# issue 10



## demi_god (Apr 7, 2006)

I dont seem to be able to find the method for ordering the back issue number 10...Seems to go only to issue 8....am i crazy?


----------



## demi_god (Apr 7, 2006)

testing, testing 1, 2 ,3.....is this thing on? [smiley=computer.gif]


----------



## NaughTTy (Jul 9, 2003)

So you wait 45 minutes and nobody answers you - disgraceful :roll: :wink:

As far as I can tell, you're not crazy - the shop only goes up to issue 8. I'm afraid you'll have to wait for the merchandise/shop peeps from the committee to tell you if the later issues are available or due to be added.

I'm sure you'll get an answer when they have some time out of their proper jobs :wink:


----------



## demi_god (Apr 7, 2006)

yeah, tell me about it? 45 mins? tut tut tut :wink:

thanks for the info. [smiley=thumbsup.gif]

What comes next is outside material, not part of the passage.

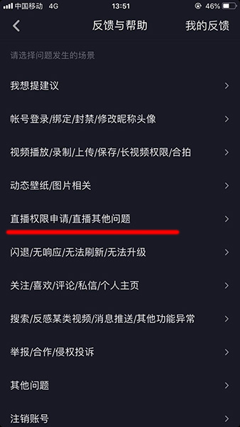 3、接着再进入【直播权限申请/直播其他问题】选项

i ordered the membership and got issue 11.....its ok, but i wanted the one about with "pretty" new car on the front 

good things come to those that wait....i'll try to remember that in future.. :lol:


----------



## nutts (May 8, 2002)

The back issue are only added when we have 4 to add... so when A13 is out, A9-A12 will go into the shop. Btw your A12 will be posted this weekend :wink:


----------



## demi_god (Apr 7, 2006)

mucho gracias 

[smiley=idea.gif] but if you post now i'll have it for the weekend :lol:

Hey, can't blame me for trying. :wink:

I look forward to the read.


----------